Student_Detail Table :
Student_id | Student_name | DOB | Street | city | State | Zip |
---|
In this table Student_id is Primary key, but street, city and state depends upon Zip. The dependency between zip and other fields is called transitive dependency. Hence to apply 3NF, we need to move the street, city and state to new table, with Zip as primary key.
New Student_Detail Table :
Student_id | Student_name | DOB | Zip |
---|
Address Table :
Zip | Street | city | state |
---|
The advantage of removing transtive dependency is,
- Amount of data duplication is reduced.
- Data integrity achieved.
Boyce and Codd Normal Form (BCNF)
Boyce and Codd Normal Form is a higher version of the Third Normal form. This form deals with certain type of anamoly that is not handled by 3NF. A 3NF table which does not have multiple overlapping candidate keys is said to be in BCNF. For a table to be in BCNF, following conditions must be satisfied:
- R must be in 3rd Normal Form
- and, for each functional dependency ( X -> Y ), X should be a super Key
E-R Diagram
ER-Diagram is a visual representation of data that describes how data is related to each other.
Symbols and Notations
Components of E-R Diagram
The E-R diagram has three main components.
1) Entity
An Entity can be any object, place, person or class. In E-R Diagram, an entity is represented using rectangles. Consider an example of an Organisation. Employee, Manager, Department, Product and many more can be taken as entities from an Organisation.
Weak Entity
Weak entity is an entity that depends on another entity. Weak entity doen't have key attribute of their own. Double rectangle represents weak entity.
.
2) Attribute
An Attribute describes a property or characterstic of an entity. For example, Name, Age, Address etc can be attributes of a Student. An attribute is represented using eclipse.
Key Attribute
Key attribute represents the main characterstic of an Entity. It is used to represent Primary key. Ellipse with underlying lines represent Key Attribute.
Composite Attribute
An attribute can also have their own attributes. These attributes are known as Composite attribute.
3) Relationship
A Relationship describes relations between entities. Relationship is represented using diamonds.
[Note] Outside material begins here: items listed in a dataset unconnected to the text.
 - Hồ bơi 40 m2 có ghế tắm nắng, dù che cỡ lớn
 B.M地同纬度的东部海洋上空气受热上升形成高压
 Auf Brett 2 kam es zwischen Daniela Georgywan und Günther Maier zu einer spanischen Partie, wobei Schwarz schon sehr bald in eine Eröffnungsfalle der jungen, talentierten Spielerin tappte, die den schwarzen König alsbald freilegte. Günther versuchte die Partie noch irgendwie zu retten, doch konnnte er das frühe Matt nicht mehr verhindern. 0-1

There are three types of relationship that exist between Entities.
- Binary Relationship
- Recursive Relationship
- Ternary Relationship
Binary Relationship
Binary Relationship means relation between two Entities. This is further divided into three types.
- One to One : This type of relationship is rarely seen in real world.
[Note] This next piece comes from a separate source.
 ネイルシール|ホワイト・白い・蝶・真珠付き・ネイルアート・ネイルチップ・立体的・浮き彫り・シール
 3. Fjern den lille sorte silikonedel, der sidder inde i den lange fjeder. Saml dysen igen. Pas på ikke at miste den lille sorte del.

- One to Many : It reflects business rule that one entity is associated with many number of same entity. The example for this relation might sound a little weird, but this menas that one student can enroll to many courses, but one course will have one Student.
- Many to One : It reflects business rule that many entities can be associated with just one entity. For example, Student enrolls for only one Course but a Course can have many Students.
- Many to Many :
The above example describes that one student can enroll only for one course and a course will also have only one Student. This is not what you will usually see in relationship.
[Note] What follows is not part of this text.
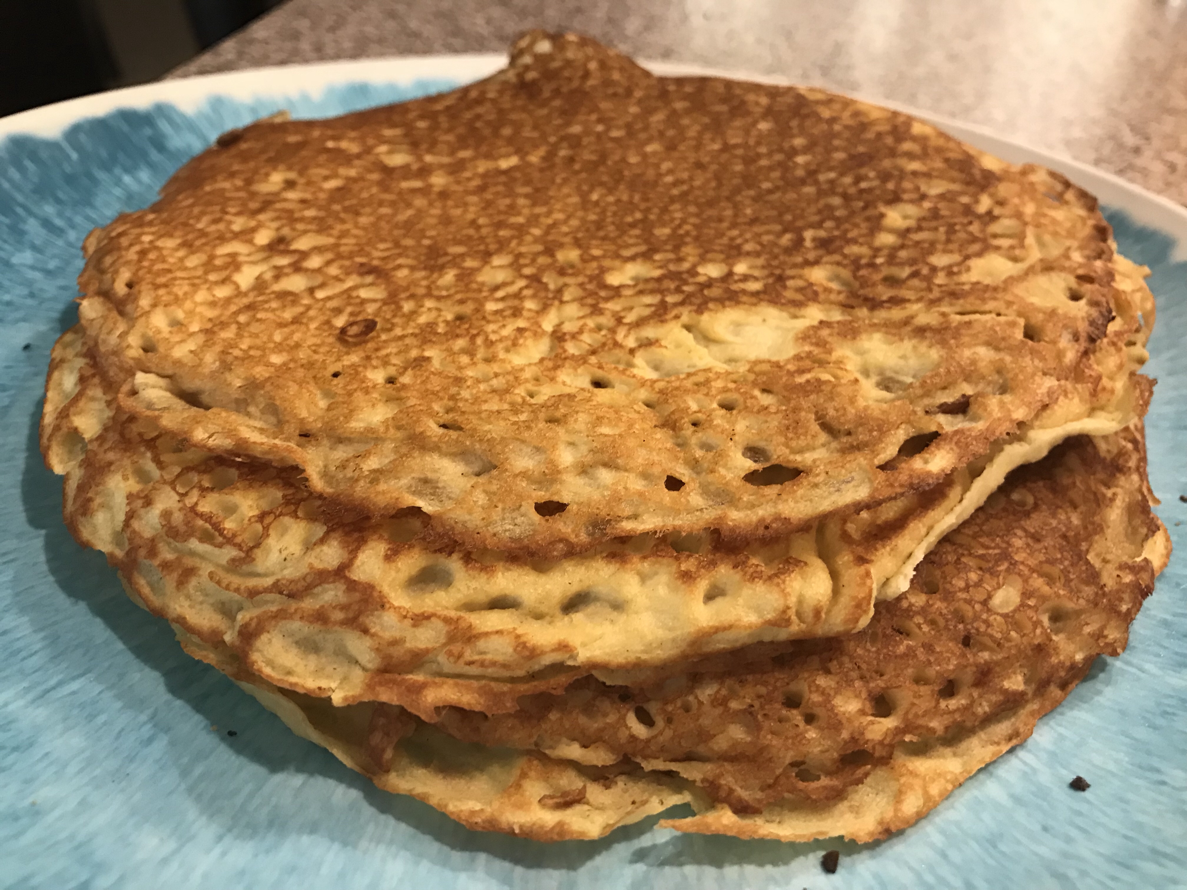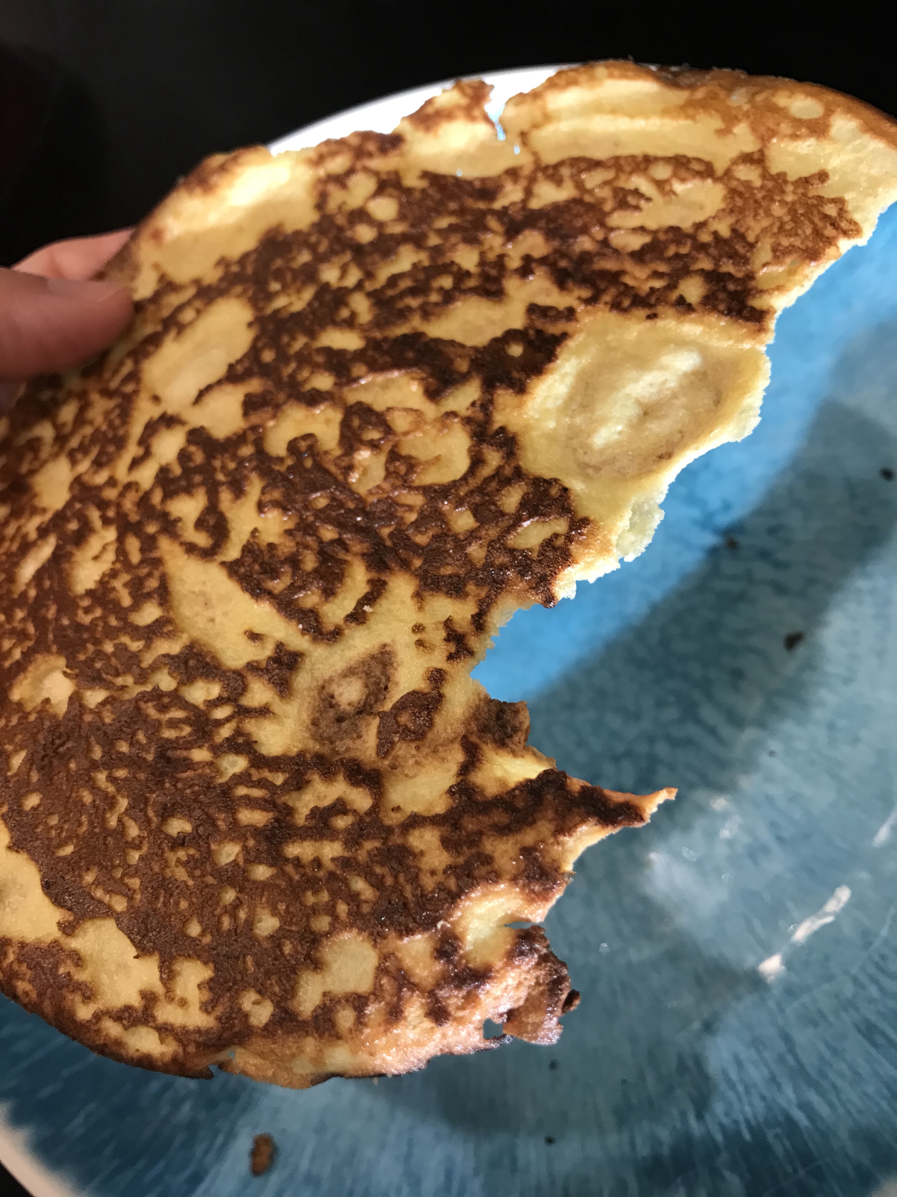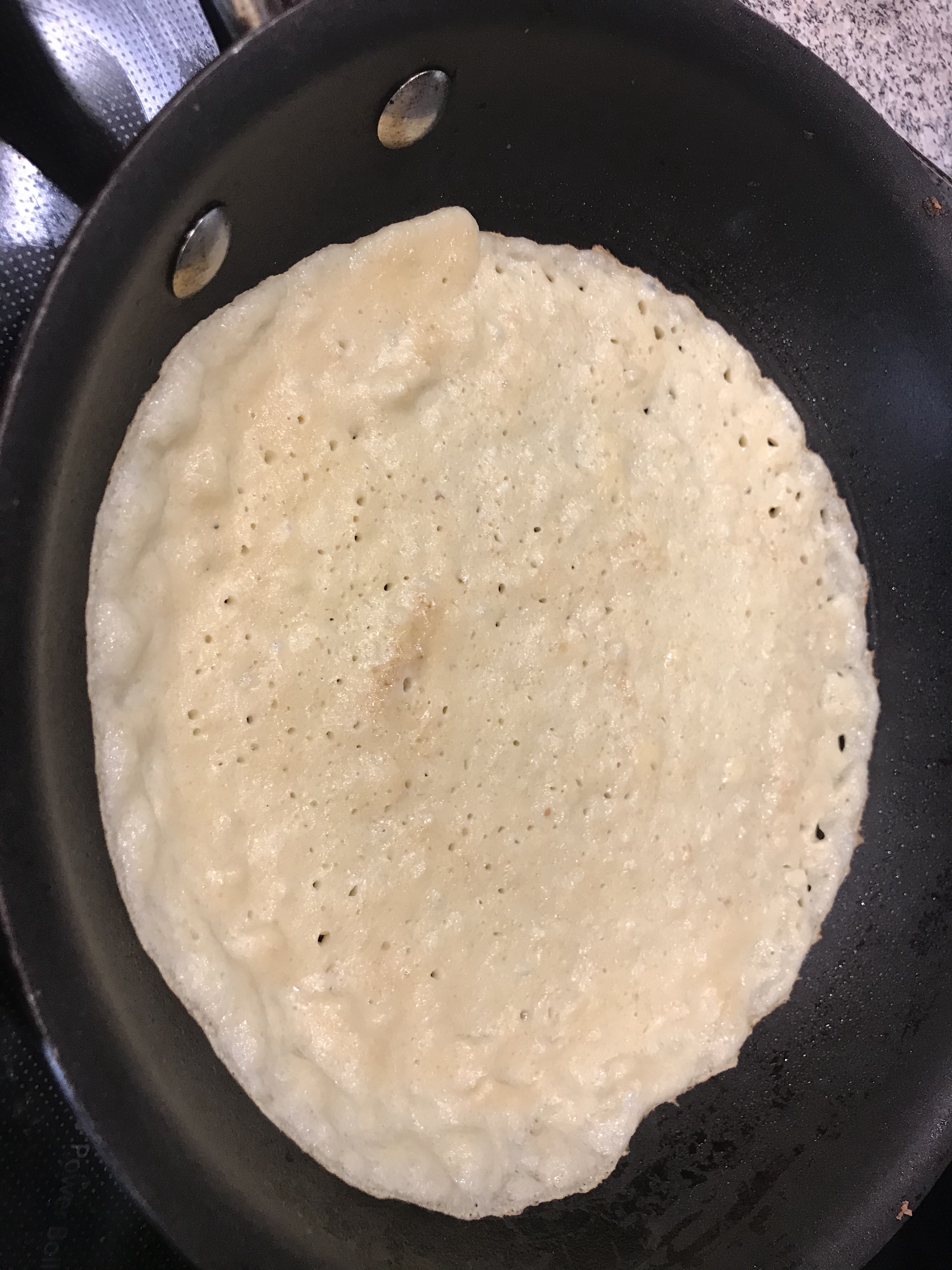Rociar el sartén con spray y poner 1/4 de taza de la mezcla, toma el sarten por el asa y le das vueltas de un lado a otro para que la mezcla se extienda por todo el sartén y queden bien delgaditas.

The arrows in the diagram describes that one student can enroll for only one course.
The above diagram represents that many students can enroll for more than one courses.
Recursive Relationship
When an Entity is related with itself it is known as Recursive Relationship.
Ternary Relationship
Relationship of degree three is called Ternary relationship.
Generalization
Generalization is a bottom-up approach in which two lower level entities combine to form a higher level entity. In generalization, the higher level entity can also combine with other lower level entity to make further higher level entity.
Specialization
Specialization is opposite to Generalization. It is a top-down approach in which one higher level entity can be broken down into two lower level entity. In specialization, some higher level entities may not have lower-level entity sets at all.
Aggregration
Aggregration is a process when relation between two entity is treated as a single entity. Here the relation between Center and Course, is acting as an Entity in relation with Visitor.
What is a KEY ?
A KEY is a value used to uniquely identify a record in a table. A KEY could be a single column or combination of multiple columns
Note: Columns in a table that are NOT used to uniquely identify a record are called non-key columns.
What is a primary Key?
A KEY is a value used to uniquely identify a record in a table. A KEY could be a single column or combination of multiple columns
Note: Columns in a table that are NOT used to uniquely identify a record are called non-key columns.
What is a primary Key?
What is a composite Key?
A composite key is a primary key composed of multiple columns used to identify a record uniquely
In our database , we have two people with the same name Robert Phil but they live at different places.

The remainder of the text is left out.